[Supplied entries]:
* * * * * * * * *

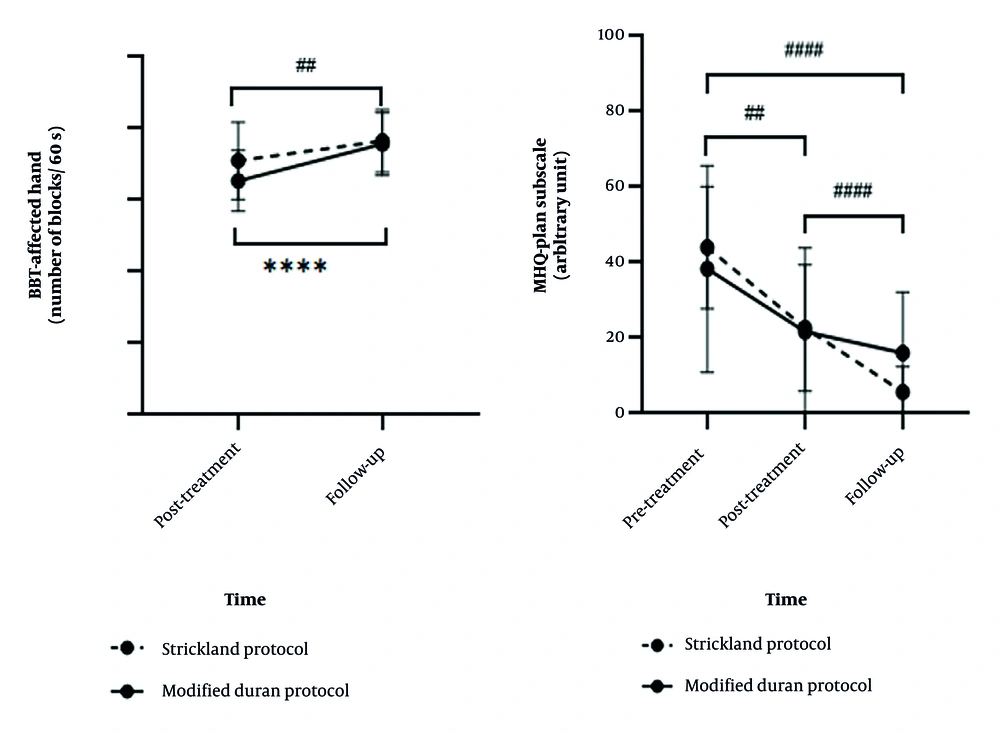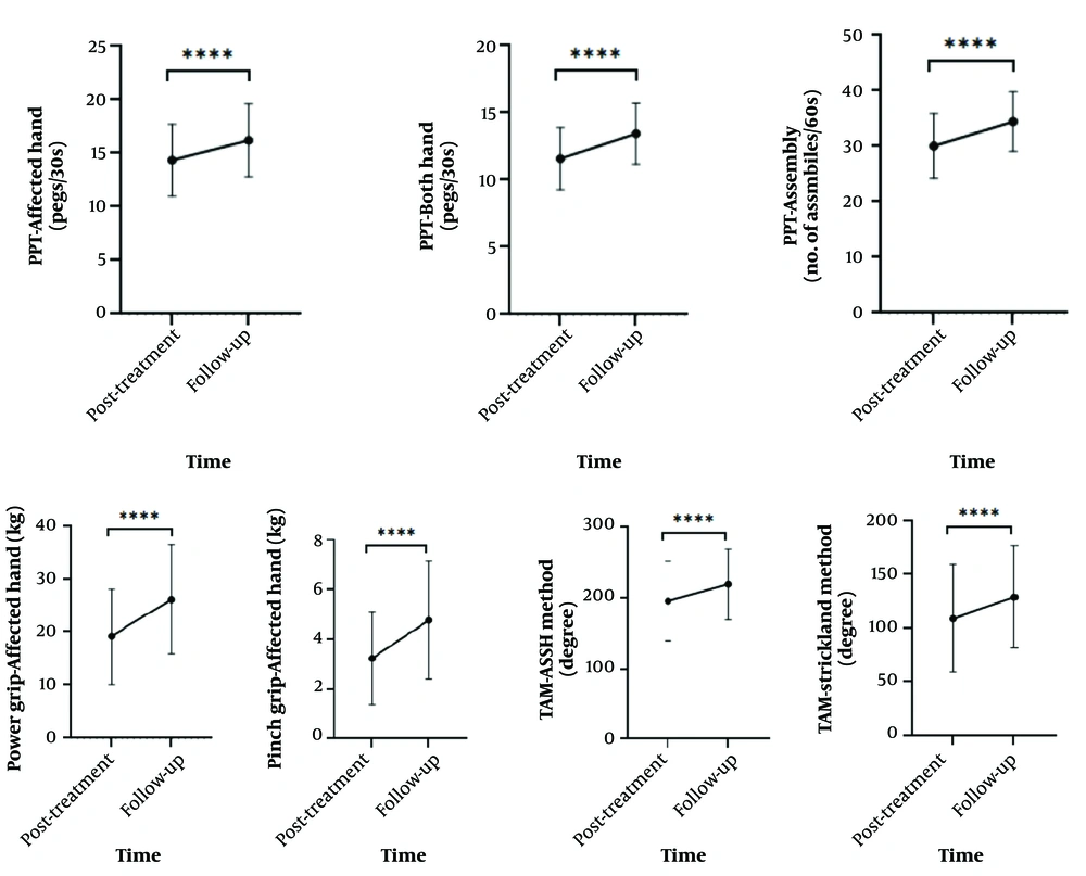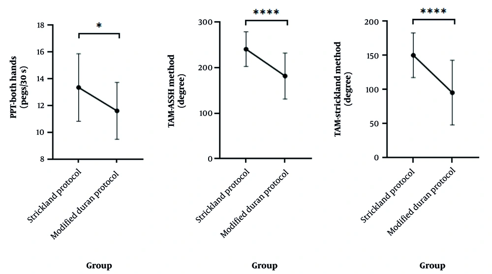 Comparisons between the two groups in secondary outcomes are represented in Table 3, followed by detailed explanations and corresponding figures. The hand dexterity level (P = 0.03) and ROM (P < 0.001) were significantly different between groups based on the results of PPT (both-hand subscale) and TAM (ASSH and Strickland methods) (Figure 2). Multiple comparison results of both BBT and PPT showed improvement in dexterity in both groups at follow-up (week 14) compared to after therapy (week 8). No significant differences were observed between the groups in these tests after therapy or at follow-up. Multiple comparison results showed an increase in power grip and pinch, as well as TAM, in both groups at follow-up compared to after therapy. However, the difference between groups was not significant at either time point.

* * * * * * * * *

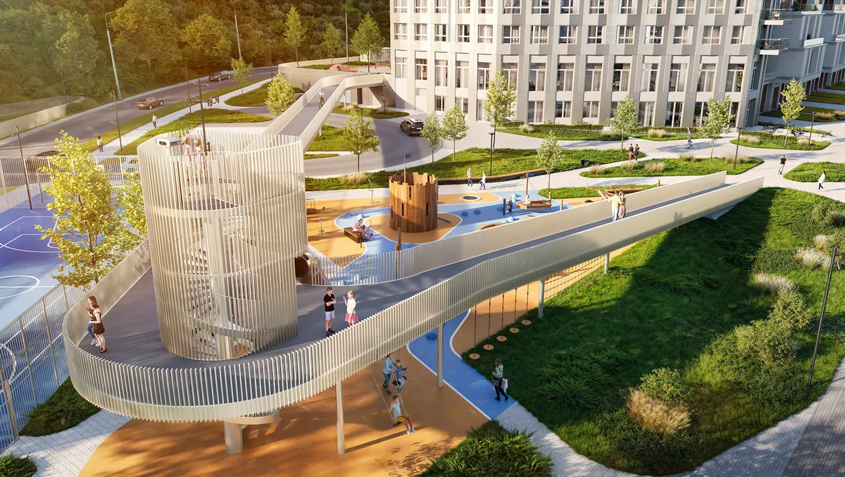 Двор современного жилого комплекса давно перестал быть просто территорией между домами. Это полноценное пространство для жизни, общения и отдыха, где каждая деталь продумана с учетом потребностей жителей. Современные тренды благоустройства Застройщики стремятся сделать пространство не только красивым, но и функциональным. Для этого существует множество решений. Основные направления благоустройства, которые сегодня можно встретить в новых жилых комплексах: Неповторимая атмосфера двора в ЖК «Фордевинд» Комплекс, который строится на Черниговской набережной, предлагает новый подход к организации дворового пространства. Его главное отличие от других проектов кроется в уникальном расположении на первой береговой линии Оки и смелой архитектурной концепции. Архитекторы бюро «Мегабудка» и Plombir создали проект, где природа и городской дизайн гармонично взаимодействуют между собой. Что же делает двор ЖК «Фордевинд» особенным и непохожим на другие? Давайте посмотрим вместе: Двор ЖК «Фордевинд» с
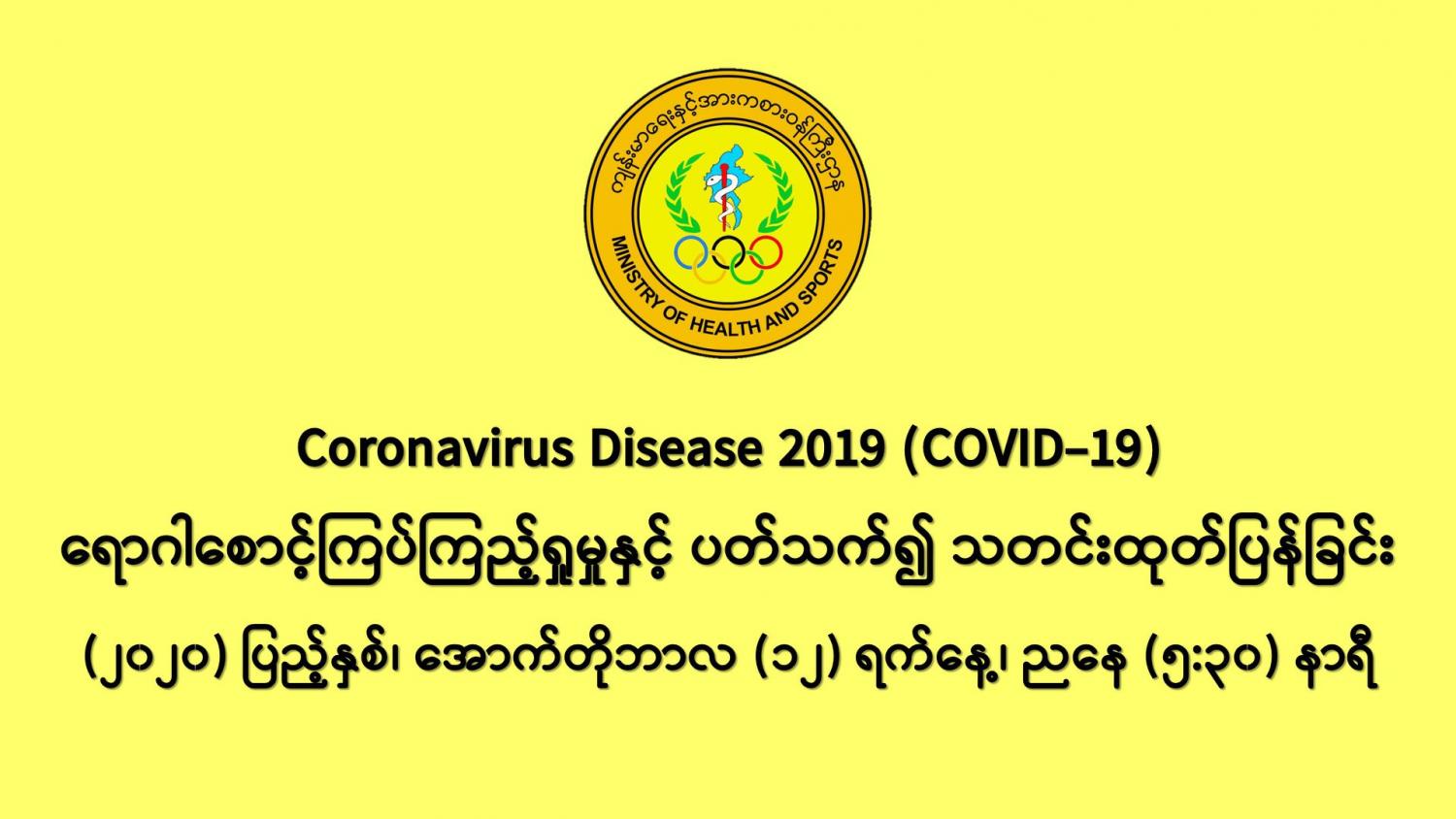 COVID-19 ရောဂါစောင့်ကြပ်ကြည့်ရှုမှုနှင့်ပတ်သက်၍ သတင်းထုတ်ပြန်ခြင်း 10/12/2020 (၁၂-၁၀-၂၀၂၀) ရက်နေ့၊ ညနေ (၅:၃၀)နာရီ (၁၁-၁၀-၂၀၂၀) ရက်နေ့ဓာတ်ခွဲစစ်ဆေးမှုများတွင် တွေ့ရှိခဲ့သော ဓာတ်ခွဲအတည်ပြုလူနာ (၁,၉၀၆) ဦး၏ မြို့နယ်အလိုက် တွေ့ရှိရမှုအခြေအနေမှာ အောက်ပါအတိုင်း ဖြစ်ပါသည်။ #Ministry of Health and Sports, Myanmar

* * * * * * * * *

[About this task]: The answer is the lines of the material above, from the one containing "Двор современного жилого" down to the one containing "and Sports, Myanmar", given exactly and without images.

[Response]:
 Двор современного жилого комплекса давно перестал быть просто территорией между домами. Это полноценное пространство для жизни, общения и отдыха, где каждая деталь продумана с учетом потребностей жителей. Современные тренды благоустройства Застройщики стремятся сделать пространство не только красивым, но и функциональным. Для этого существует множество решений. Основные направления благоустройства, которые сегодня можно встретить в новых жилых комплексах: Неповторимая атмосфера двора в ЖК «Фордевинд» Комплекс, который строится на Черниговской набережной, предлагает новый подход к организации дворового пространства. Его главное отличие от других проектов кроется в уникальном расположении на первой береговой линии Оки и смелой архитектурной концепции. Архитекторы бюро «Мегабудка» и Plombir создали проект, где природа и городской дизайн гармонично взаимодействуют между собой. Что же делает двор ЖК «Фордевинд» особенным и непохожим на другие? Давайте посмотрим вместе: Двор ЖК «Фордевинд» с
 COVID-19 ရောဂါစောင့်ကြပ်ကြည့်ရှုမှုနှင့်ပတ်သက်၍ သတင်းထုတ်ပြန်ခြင်း 10/12/2020 (၁၂-၁၀-၂၀၂၀) ရက်နေ့၊ ညနေ (၅:၃၀)နာရီ (၁၁-၁၀-၂၀၂၀) ရက်နေ့ဓာတ်ခွဲစစ်ဆေးမှုများတွင် တွေ့ရှိခဲ့သော ဓာတ်ခွဲအတည်ပြုလူနာ (၁,၉၀၆) ဦး၏ မြို့နယ်အလိုက် တွေ့ရှိရမှုအခြေအနေမှာ အောက်ပါအတိုင်း ဖြစ်ပါသည်။ #Ministry of Health and Sports, Myanmar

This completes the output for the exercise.